• Running R in batch mode
  • ssh and remotely accessing a computer
  • Amazon Web Services (AWS)
  • Hadoop

running batch scripts in R

R CMD BATCH --vanilla --slave test.R  &

--vanilla - no saved workspaces or user defined environment
--slave - keep R quiet
& - run in the background

you have to save output, plots, and data in your script

An alternative:

Rscript --vanilla  test.R & > test.Rout &

On Windows (at the command line)

"C:\Program Files\R\R-2.13.1\bin\R.exe" CMD BATCH 
   --vanilla --slave "c:\my projects\my_script.R"

Not a huge improvement over just opening another R session and sourcing your code there

UNLESS you are running on a remote computer, and only have a command line interface,

but if you log out, your process will be killed…

ssh and remote computers

ssh

ssh is a protocol for communicating securely with a remote computer.

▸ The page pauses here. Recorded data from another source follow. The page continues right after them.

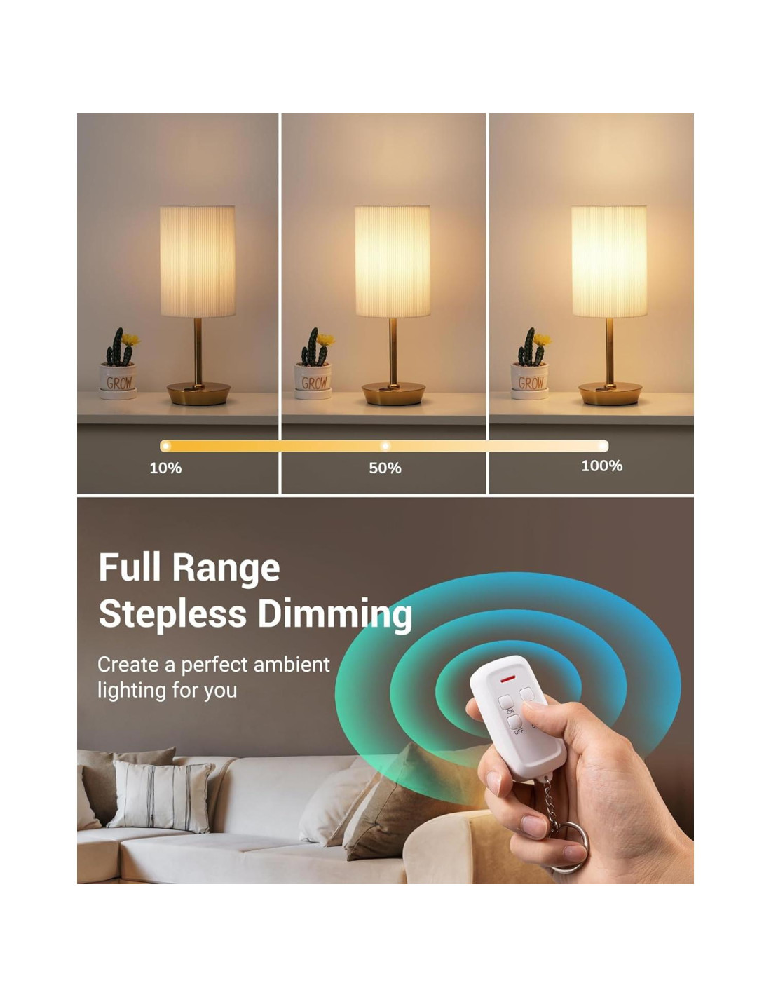 - [Toma de Luz Remota Regulable] Regulación continua del 10%-100%, esta toma de lámpara estándar E26/E27 es compatible con la mayoría de las bombillas LED, y puede atenuar suavemente dentro del rango de brillo del 10% al 100%, puedes ajustar fácilmente el brillo para crear diferentes atmósferas, disfruta de una experiencia de iluminación completa
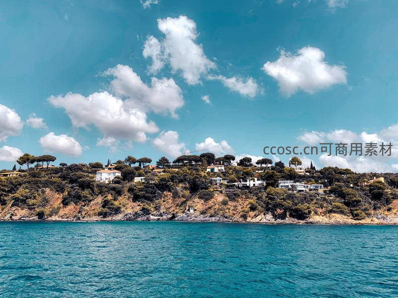 蔚蓝天空下,白色房屋错落有致地坐落在植被覆盖的山崖上,尽显地中海沿岸的宁静与浪漫。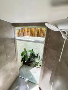 Klimatizovaný apartmán v Casa dendê má 1 ložnici, plně vybavenou kuchyň a terasu s výhledem do zahrady.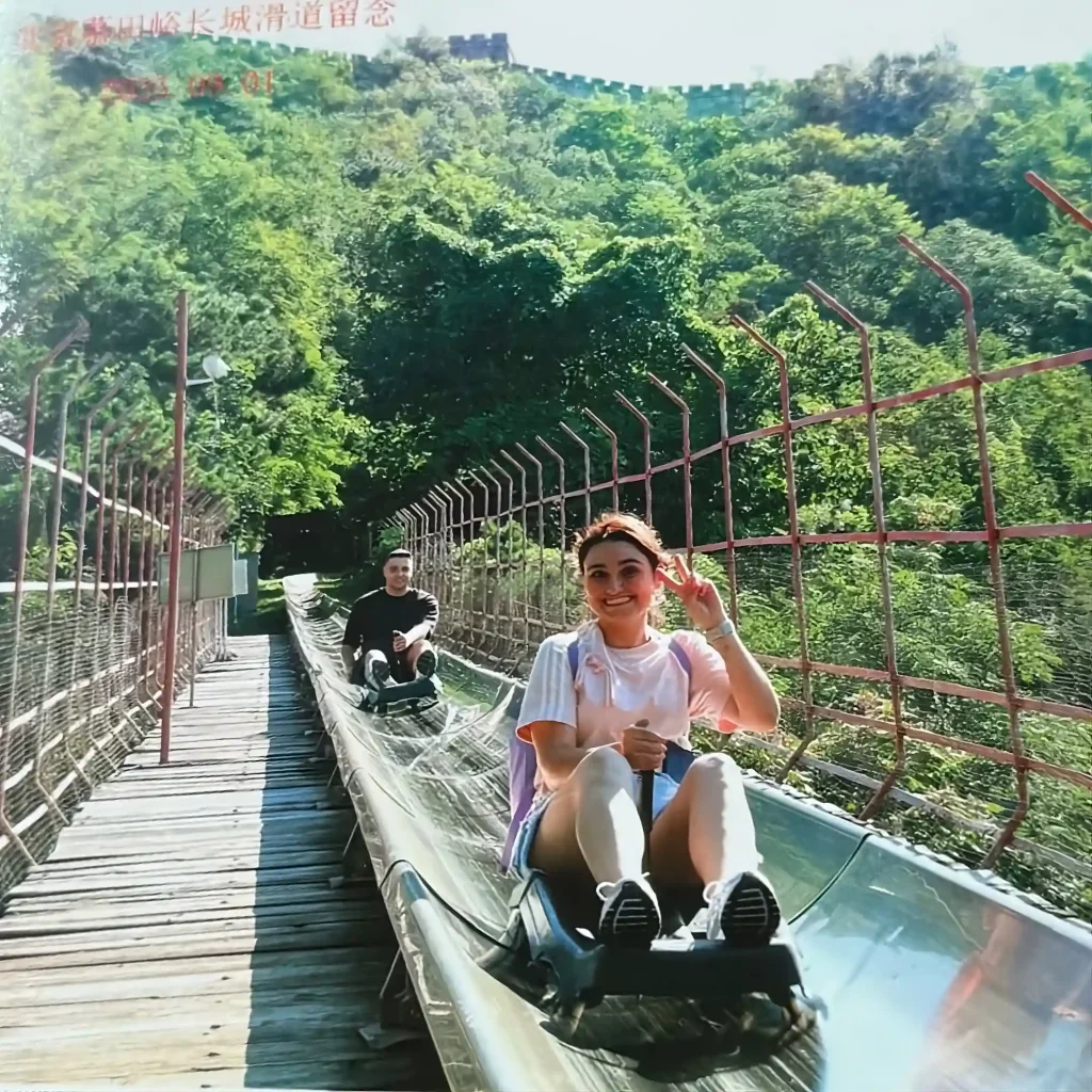 Para bajar la Muralla China en tobogán el billete lo puedes comprar allí mismo y cuesta unos 100 CNY (puedes hacerlo abajo antes del teleférico o arriba, justo en la entrada del tobogán). Si dudas hazlo, es muy divertido.
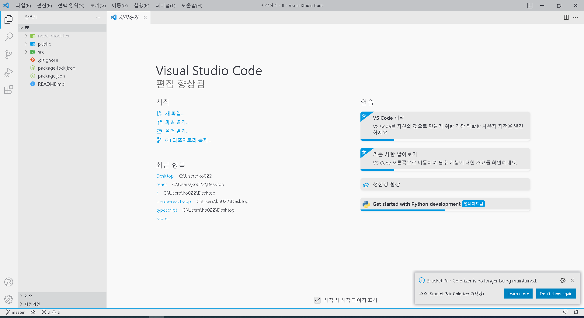 C:\Users\ko022\Desktop> 가 C:\Users\ko022\Desktop\설치한 폴더명> 이런식으로 바뀐다.

Mac & Linux should have ssh by default (on the command line)

ssh wickhamc@app.science.oregonstate.edu

Windows

  • get PuTTY
  • start new connection with host: app.science.oregonstate.edu and defaults

access app.science.oregonstate.edu with your science username and password and you will have access to your Z drive. Has R and git.

nohup & screen

The remote computer is probably linux based (? they always have been for me). nohup lets you start a process and logout and the process will keep running.

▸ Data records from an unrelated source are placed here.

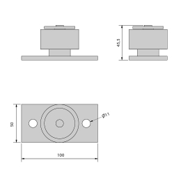 Guide monté sur cage à rouleaux à olive sur platine à visser pour profil U 50 x 60.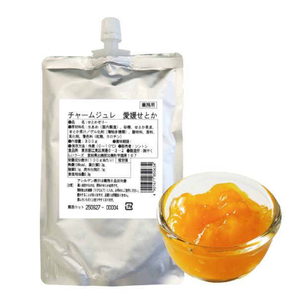 愛媛県産せとか果皮と果汁を使用した、コクのある甘さとまろやかな酸味のバランスが特長のトッピング用ジュレです。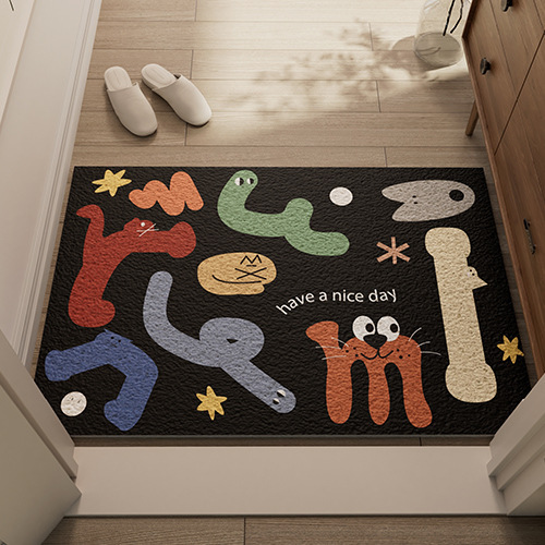 입구 문 매트 가정용 먼지 방지 내마모성 입구 문 매트 귀여운 만화 스타일 불규칙한 실크 루프 매트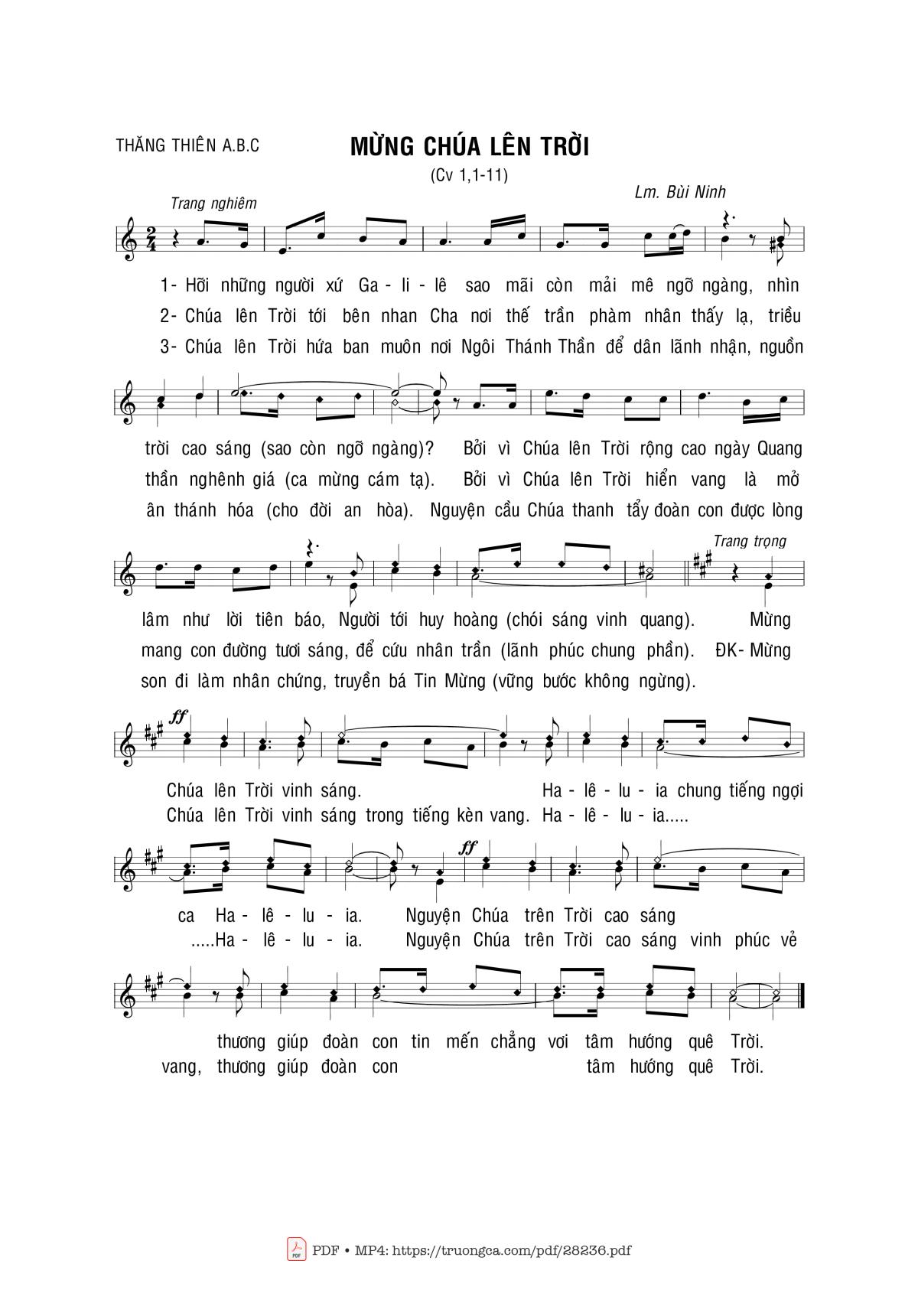 Điệp khúc. Mừng Chúa lên Trời vinh sáng trong tiếng kèn vang. Ha-le-lu-ia chúng tiếng ngợi ca Ha-le-lu-ia. Nguyện Chúa trên Trời cao sáng vinh phúc vẻ vang, thương giúp đoàn con tin mến chẳng vơi tâm hướng quê Trời.

nohup R CMD BATCH --vanilla --slave test.R  &

Check out screen too if you are interested.

AWS

Amazon web services

Amazon web services is a suite of services that let you buy computing resources.

In particular EC2 - allows you to start up your own virtual computer. It costs \($\) - but there is a free tier.

Amazon Machine Images (AMI) are combinations of operating systems and installed software that allow you to start a machine in a desired state.

Check out: http://www.louisaslett.com/RStudio_AMI/ for an AMI with R, RStudio and git

Getting AWS set up
Getting started with EC2

Demo Rstudio server

  • start EC2 instance with RStudio AMI
  • connect via browser
  • new project from git

Careful, if you terminate your instance, you lose all your data. Copy it off, or commit and push to git before terminating the instance.

For more control, use ssh instead:

  • gives you command line access to machine so you can set up users, passwords, install other software etc.
  • Run things in batch mode and logout (if you use nohup)

Hadoop

Hadoop

HDFS + MapReduce + glue that makes it all easy to deploy and fault tolerant

HDFS - a distributed file system
MapReduce - a split-apply-combine paradigm

Big Idea: spread data and computation across multiple computers. Keep computation local so data isn't being moved around.

R interfaces
RHadoop
RHipe